The current chatbot uses a TF-IDF (Term Frequency-Inverse Document Frequency) vectorizer combined with cosine similarity to find the most relevant response to a user's input. While this method is simple and effective as a baseline, it has several limitations that make it unsuitable for production-level conversational AI:

### 1. **Lack of Context Awareness**
The model treats each input-response pair as independent. It doesn't remember prior messages in the conversation, making it unable to maintain coherent multi-turn interactions.

### 2. **No Semantic Understanding**
TF-IDF relies purely on the frequency of words. It doesn’t understand the meaning behind words or recognize synonyms. For instance, "How are you doing?" and "How's it going?" might be treated as unrelated.

### 3. **Rigid Matching**
The model will fail to respond well to slightly rephrased, paraphrased, or typo-ridden inputs, since it depends on exact or partial word overlap.

### 4. **Scalability Issues**
As the dataset grows, cosine similarity computations become slower, especially with larger TF-IDF matrices. This limits performance in real-time applications.

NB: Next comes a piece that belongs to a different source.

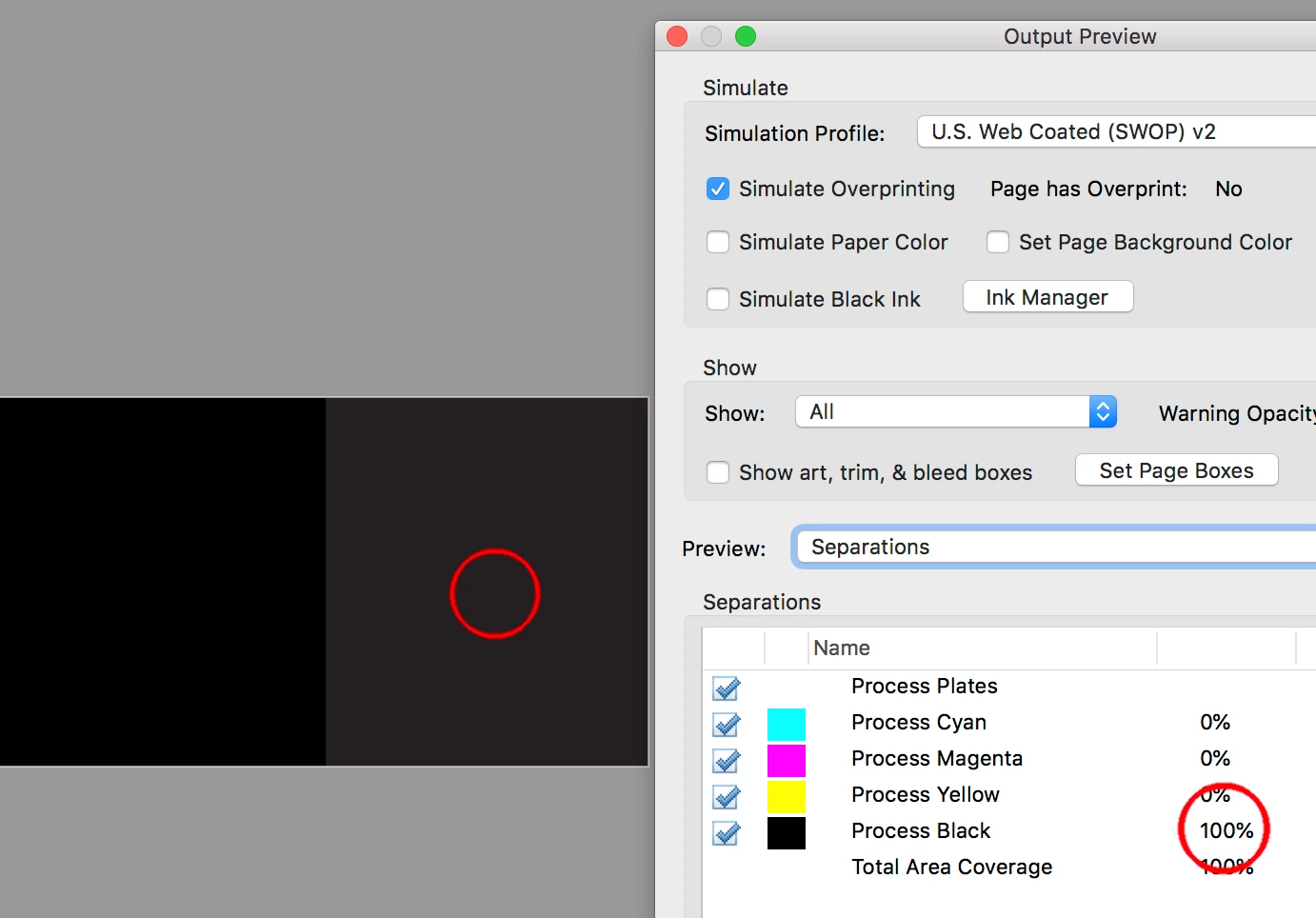 Open this same PDF in Acrobat. Open Print Production>Output Preview - Simulation Profile: U.S. Coated (SWOP) v2 >Preview "Separations"

### 5. **No Personalization or Dynamic Learning**
The model cannot adapt to different users, preferences, or conversation styles. It also doesn’t improve over time unless retrained.


## Future Improvements

To build a more intelligent and natural chatbot

This baseline model is a great starting point for understanding chatbot mechanics, but it's only the first step toward building a truly intelligent conversational agent.